La percepción de la corrupción se desbocó en España en el último año

ESPAÑA

Los expertos reclaman un pacto político para afrontar el problema y entrar en el G-20 de los países más limpios

18 nov 2009 . Actualizado a las 02:00 h.

Desde que el juez Garzón puso en marcha la operación Gürtel, a finales de enero, los casos de corrupción han ocupado un lugar preferente en todos los medios de comunicación. La gravedad, extensión e implicaciones políticas de algunos de esos casos han generado una alarma social que ahora se ve reflejada en el informe sobre percepción de la corrupción publicado ayer por la organización Transparencia Internacional. España ha empeorado apreciablemente en el índice de corrupción que elabora este organismo. En el último año ha descendido cuatro puestos, acentuando una tendencia negativa que se inició en el 2004, cuando ocupaba el puesto 22 del ránking con una puntuación de 7,1. Este año ha bajado al 31 y la nota, al 6,1.

El informe que anualmente elabora Transparencia Internacional para cerca de 200 países de los cinco continentes elabora un índice compuesto, basado en 13 encuestas a expertos y empresas, que permite medir la percepción que se tiene de la corrupción en el sector público de cada país. Este índice esta liderado tradicionalmente por los países nórdicos, aunque este año han sido superados por Nueva Zelanda, que, con una puntuación de 9,4, aparece como el país más transparente. En el extremo opuesto se encuentran Somalia (1,1) y Afganistán (1,3). Es decir, países en los que la Administración prácticamente no existe, lo que alimenta la corrupción y la proliferación de mafias y grupos de delincuentes que se aprovechan de la carencia de instituciones reales y/o eficientes de gobierno para, como en el caso de los piratas que han mantenido retenidos durante mes y medio al atunero Alakrana, para campar por sus respetos e imponer la ley del más fuerte.

El empeoramiento relativo de la corrupción en España puesta de manifiesto por Transparencia Internacional viene a corroborar otro en el mismo sentido publicado hace menos de medio año por el Banco Mundial, que colocaba a España a la cola de los países de la OCDE, esto es los más desarrollados, en la eficiencia de sus instituciones de gobierno y de la lucha contra la corrupción.

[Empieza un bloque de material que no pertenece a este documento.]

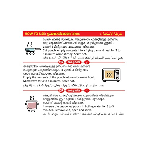 Tasty Nibbles Introducing Ready to Eat Cooked Matta rice prepared from premium quality brown rice. This brings clean fresh tasty and traditional Kerala meals ready in 5 min. It is Ready-to-Eat so can be consumed straight from the pack or warmed up. No Food additives added Heat & Eat. Japanese RETORT Technology. Net weight 1kg (250g x 4) Shelf life 18 months at room temperature HOW TO USE: Cut pouch empty contents into a frying pan and heat for 3 to 5 minutes while stirring. Serve hot. (OR) Empty the contents of the pouch into a microwave bowl. Microwave for 3 to 4 minutes. Serve hot. (OR) Immerse the unopened pouch in boiling water for 3 to 5 minutes. Remove cut open and serve. Once opened consume immediately. This product is ready-to-eat form can be consumed straight out of the pack or warmed up as above. Store in a cool and dry place.

Los expertos coincidieron ayer, en la presentación del informe, en la necesidad de un pacto de Estado para acabar con una lacra que el ex diputado Nicolás Sartorius definió recientemente, en declaraciones a La Voz, como «el peor cáncer para una democracia, lo único que puede destruirla».

Antonio Garrigues, miembro de la sección española de Transparencia Internacional, aseguró ayer que «la corrupción es perfectamente controlable», lo que hay que hacer es no resignarse y afrontarla con decisión mediante un pacto político que implante sistemas adecuados de prevención y de control. En este sentido, consideró preocupante que el coste político para quienes se ven implicados en escándalos de este tipo no sea suficientemente alto.

Manuel Villoria, catedrático de la Universidad Rey Juan Carlos, aludió a la pretensión del Gobierno de asentarse como miembro del G-20 para considera necesario que España «entrara en el G-20 de los países menos corruptos», porque se trata de un fenómeno que frena el crecimiento y porque «si no se ataca, se expande». No obstante, Villoria destacó que si la percepción de la corrupción aumenta es precisamente porque «ahora se investiga más, los mecanismos de lucha se han perfeccionado». Y prueba de ello es que la mayoría de los escándalos que se están destapando ahora tienen su origen en actividades de hace más de cuatro años. Para Jesús Sánchez Lambas, también de Transparencia Internacional, lo mejor es se ha creado una cultura de lucha contra el problema.